Afterwards, a discussion panel formed by six experts from different international organizations was held -including Patricinio Nieto, head of service at MINHAP- who shared their experiences in the practical implementation of data standards at national and international level.
The rest of the day was spent between several sessions where different topics such as the potential of economic data, legal data, the use of international standards in the financial sector or the presentation of the European CEF program, whose second call has been launched this year, were addressed. Finally, the conference ended with a roundtable where members discussed the need to create a sound open data ecosystem in Europe and presented current cases of DCAT-AP implementation.
In this regard, the next day the ISA² programme of the European Commission hosted a workshop on DCAT-AP. The workshop was organised in the context of the ISA Action 1.1 and invited implementers of DCAT-AP:
● to discuss implementation challenges and good practices;
●to learn more about the DCAT-AP implementation guidelines that Action 2.1 of the ISA2 programme is developing in collaboration with DCAT-AP implementers;
● to discover more about the status of the extensions of the DCAT-AP for geospatial and statistical data;
● to discuss about tool and software support.
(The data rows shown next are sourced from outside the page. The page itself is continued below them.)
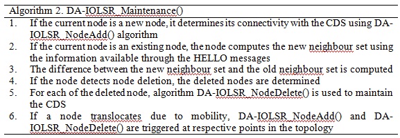 In DA-IOLSR protocol, decisions regarding maintenance of CDS are made based on the information available about the neighbours of the node under consideration. The local topology information that is available through the HELLO messages is used to maintain the CDS so that it remains connected upon addition, deletion and mobility of nodes. Thereby, the process of maintaining CDS is quicker and proves to be efficient in terms of network performance. The global topology information which is available upon the reception of TC messages is used to reconstruct the CDS.
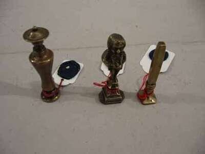 Three brass wax seals 18th century and latter
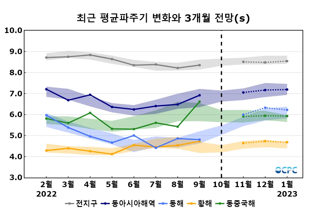 동해, 황해, 동중국해의 평균파주기는 평년과 비슷할 것으로 전망됩니다.
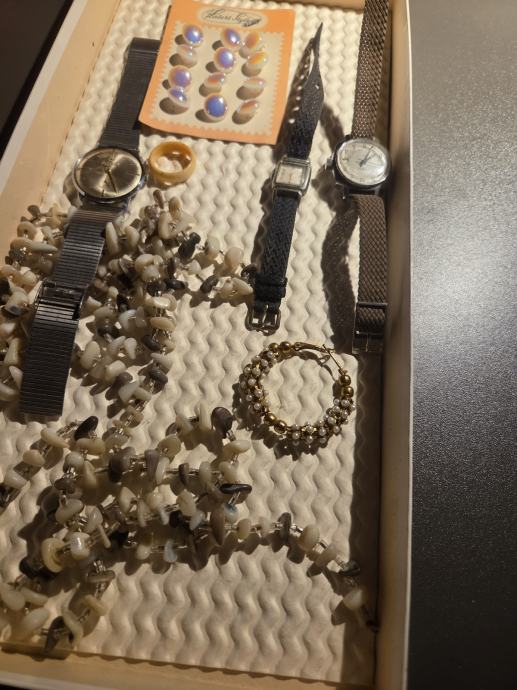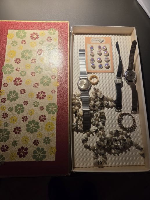 Originalna vintage kutija od Kraša, pronađena na bakinom tavanu. U kutiji se nalaze 3 antikna ženska sata, prsten, 1 naušnica, stari gumbi i ogrlica od kamenčića.
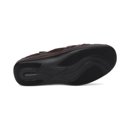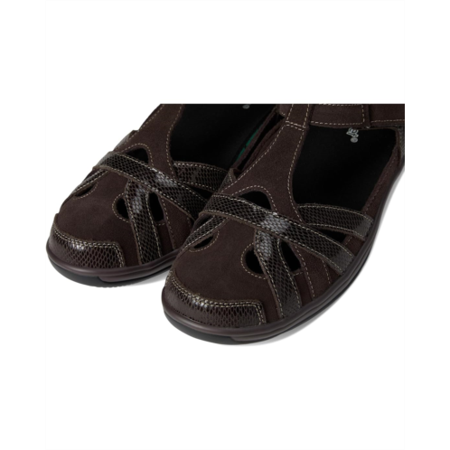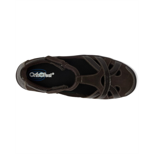 - The lightweight and casual Orthofeet Juno sandals provide full support and cushion all day long, while allowing extra room in the toe area, and a comfortable fit. These orthopedic walking sandals feature Ortho-Cushion technology, which helps relieve foot and heel pain, making them ideal for those with sensitive, tired feet. Their soft, padded suede inner lining with no overlays eliminates irritation, while the premium orthotic EVA insole with anatomical arch support re-aligns the foot and entire body posture. The soft, suede upper of these sandals features an adjustable hook-and-loop strap that allows for fit flexibility. Their wide toe box design alleviates pressure on swollen feet, bunions, and hammertoes. Walk with superior comfort and support wearing these slip-on sandals.
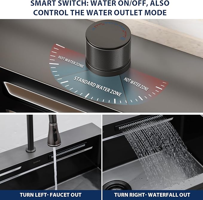 - Stainless Steel Kitchen Sink Construction: This 33 waterfall kitchen sink is made of premium T-304 stainless steel 16-gauge construction and black finished for long time use. The black drop in kitchen sink is made of nano technology, nano graphic layer is corrosion resistant, rust resistant, easy to clean and maintain, the smooth nano surface ensures long-lasting life of the topmount sink
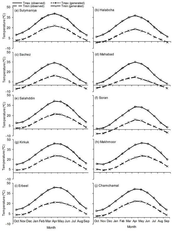 Figure 4. Comparison between the observed mean monthly (maximum (Tmin) and minimum (Tmax) temperatures and the corresponding values generated by LARS-WG7 at each meteorological station within the studied basin for the period 1980–2010.
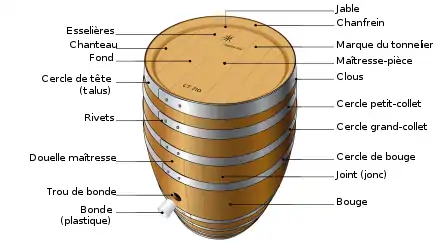 Cette page contient un recueil de vocabulaire en français autour du thème « tonneau ». Ce recueil, appelé thésaurus, ne traite pas du mot lui-même, mais tente de fournir une liste de mots associés au thème dont vous pourriez avoir besoin et qui pourraient vous échapper.
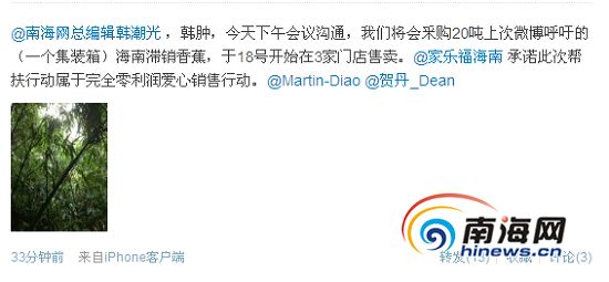 5月10日晚,新浪微博上传来令人振奋和感动的好消息,新浪微博网友“阿麦郎”发微博称:“今天下午(家乐福)会议沟通,我们将会釆购20吨上次微博呼吁的(一个集装箱)海南滞销香蕉,于18号开始在3家门店售卖。@家乐福海南承诺此次帮扶行动属于完全零利润爱心销售行动。”此消息一出,引发众多新浪网友微博跟帖叫好,微博上一时间出现无数个翘起的“大拇指”,场面令人感动。

Currently, ISA² program promotes horizontal and reusable data standards, which are already being implemented in operating systems in order to facilitate the data interoperability at regional, national and European level. This initiative, started this year 2016 and it will last until 2020, includes an EUR 131 million programme to support the development of interoperable digital solutions, which will be available to all interested public administrations in Europe, deleting barriers between public administrations, businesses and citizens.
The SEMIC Conference has turned into the great event of semantic interoperability at international level, and this year the meeting brought together more than two hundred professionals, not only from the public sector but researchers, consultants and representatives of international projects interested in learning and making further progress in the field of open linked data, semantic technologies, eGovernment and metadata management.